In the complex, ever-evolving financial ecosystem, the most enduring element continues to be cash. Despite the myriad of payment methods now at our disposal, consumers still rely on cash as the simplest, fastest, most secure option in their wallets. In fact, 85% of transactions around the world are handled in cash.
The continued affinity for cash, coupled with the proliferation of self-service systems and the expansion of services and transaction sets, is making cash handling more complex – and more costly – than ever before. This dynamic is driving financial institutions (FIs) to examine their cash cycles and consider strategies for optimization. Cash automation has become the ultimate destination, and the journey to get there involves an intricate balance of consumer insight, transaction data, technology, processes, inventory, cash-in-transit costs and interest rates.

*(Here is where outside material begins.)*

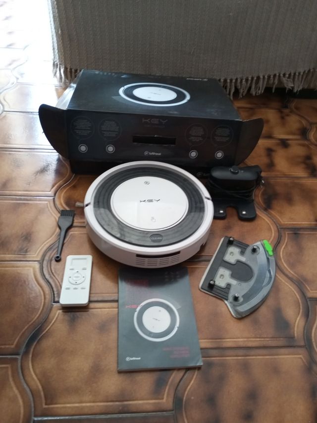 Detalles del productoAspiradora robot KEY, prácticamente nueva. Incluye todos los accesorios que se ven en las fotos: mando a distancia, cepillo, base de carga y manual de instrucciones. El robot aspirador está en perfecto estado.

Every FI is somewhere on the journey to cash automation, and no two journeys are the same. But regardless of how the roadmap, size, sophistication or maturity may vary, one element is fundamental to the cash automation journey for every FI: cash recycling.

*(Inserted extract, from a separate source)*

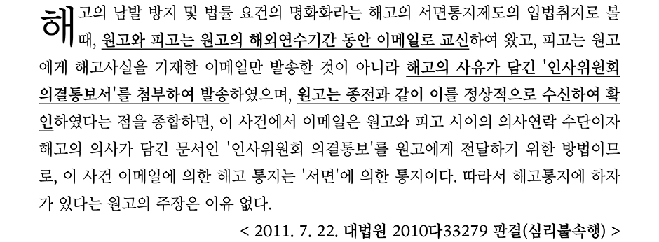 위 판례의 사실관계에 의하면 판례는 해외연수로 국내 근로자와 다르게 정상적인 방법으로 서면을 수령할 수 없는 상황에서 평상시에 회사와 이메일로 연락을 주고받아온 상황이었다. 이러한 상황에서 회사 측의 인사위원회 의결통보서를 근로자가 정상적으로 수신하였다면 '서면'에 의한 통지가 이루어졌다고 판단하였다.

Two of the most significant milestones in the cash automation journey are the migration of cash deposit transactions and the streamlining of cash replenishment activities. Both can be achieved through the introduction of cash recycling. The case for cash recycling systems is compelling. Datamonitor estimates that cash management for non-recycling ATMs accounts for an average of 48% of ATM operating costs worldwide. This leaves significant opportunity for improvement. And the benefits go beyond cash management savings. Recycling also delivers:
- Maximized cash availability
- Reduced cash inventory/interest expenses
- Elimination of redundant equipment and associated costs such as night safes and counter security
- Optimized human resources, creating more time for enhanced customer interactions
- Increased efficiencies of the cash replenishment planning process
For all of these reasons, recycling is the most valuable approach for enabling the journey to cash automation. Yet in Diebold Nixdorf’s work in more than 70 countries around the world, we’ve found that the effective implementation of recycling can be one of the biggest challenges FIs face in their pursuit of cash automation. That’s because, in large part, they have traditionally approached recycling as simply the addition of another type of ATM. The focus has been on offering features such as greater cash availability and around-the-clock deposits to their customers. But what they need to remember is that recycling transcends the self-service channel. It can deliver broader benefits to an FI’s operation, making implementation about much more than simply the addition of a new type of ATM.
The introduction of cash recycling systems can and should be part of a meaningful shift in how banks do business and direct their customers to transact. Beyond the deployment of new ATMs, it entails transformation of business processes, a new paradigm for operational efficiency, an evolved channel strategy, transaction migration, refined resource planning, consumer education, training and more.
Diebold Nixdorf was the first to introduce and implement recycling in Europe. Because we own our IP technology, we’re able to respond more quickly to new algorithms and currency templates, enabling us to keep our systems available and accessible. Today, we’re on our fifth generation of recycling technology around the globe. With our experience working with FIs to plan, implement and manage recycling capabilities, and a portfolio that includes the broadest range of systems, software and services, we can serve as a valuable partner in setting a foundation of recycling and creating a roadmap for cash automation.